Pausing a moment he continued, “That too irrespective of the count! Even for coarser counts, we may add a greater number of spindles to him.”

I got intrigued now. “How?” I pressed.

“I’ll explain one by one. First, when we assign only the mending work, his efficiency will improve. Second, when he was doing other works like creeling and cleaning, the machine will not wait for his return but keeps on having more end breakages at its usual rate. This increases the ends down percentage at a particular moment. You know what? This would create a cascading effect. The flies liberated from the open end of the broken yarn would start disturbing the yarn balloons of other running spindles and cause more yarn breaks. This may be exponential in due course.”

I listened to him silently. I couldn’t agree him more!

He continued. “So, these work assignments are based on the VA suggestions received from our employees. Regarding coarser counts, it’ll be easy for the operator to pick the yarn end up from the cop easily. So, some operators prefer to look after more spindles in these counts. For changing bobbins, we are having a separate team. We calculate the number of persons in that team based on 400 bobbin changes per person. This team is combined with the doffers team. It has some added benefits. The time taken for doffing as well as replacing exhausted bobbins will get reduced. As we follow the batch feeding system, it’s easy to calculate the number of bobbins being exhausted per shift and easy to change bobbins all at once.”

“Wow! It’s interesting. Please explain about it more” I said.

“Here, one thing I must tell which is very much noteworthy. Though we have fixed the workload as 6000 spindles, it is the minimum workload. If a spinning sider wants to have more workload, it is allowed. I believe physical capacity varies from person to person. So, whoever wants to earn more will have the flexibility here,” he said.

“But…,” I hesitated, “Now… I have a couple of questions. One is, won’t the siders be scared that the management would insist them to see more workload than others are doing? The second one, what if they slack off in doing VA?”

“We won’t insist like that. In fact, it’s human nature that, when somebody is earning money, he will also try to follow him. For your second question, by valuing operators’ contributions, the mill encourages a proactive approach. When he shares insights with management, we listen. We tweak processes, fine-tune our craft. And in return, the operator receives more than just a pay cheque through incentives”.

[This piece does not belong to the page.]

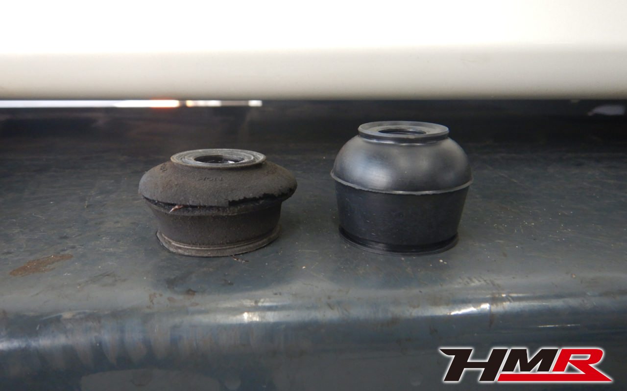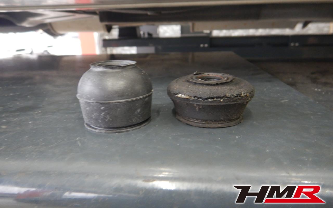 フロントアッパーアームブーツが切れていましたので後ほど交換させていただきました。フロントロアーアームにヒビが見つかりましたが、すぐの交換は必要ないのでまたタイミングを見て交換をオススメいたします。タイヤ溝の残量は、フロント3mm・リア2mmでした。タイヤ溝の残量も少なめとなっていますのでタイミングを見て交換をオススメいたします。

‘Wow! VA wasn’t just about numbers—it was about passion, pride and the threads that bound us all,’ I thought. I thanked the GM and bid goodbye to him.

As I left the GM’s office, I glanced at the spinning frames. Each spindle spun tales of diligence and whispered promises of quality. The sider, unnoticed by most, is working his magic silently!

(Murugan Santhanam is the Managing Director of Texdoc Online Solution Pvt. Ltd.)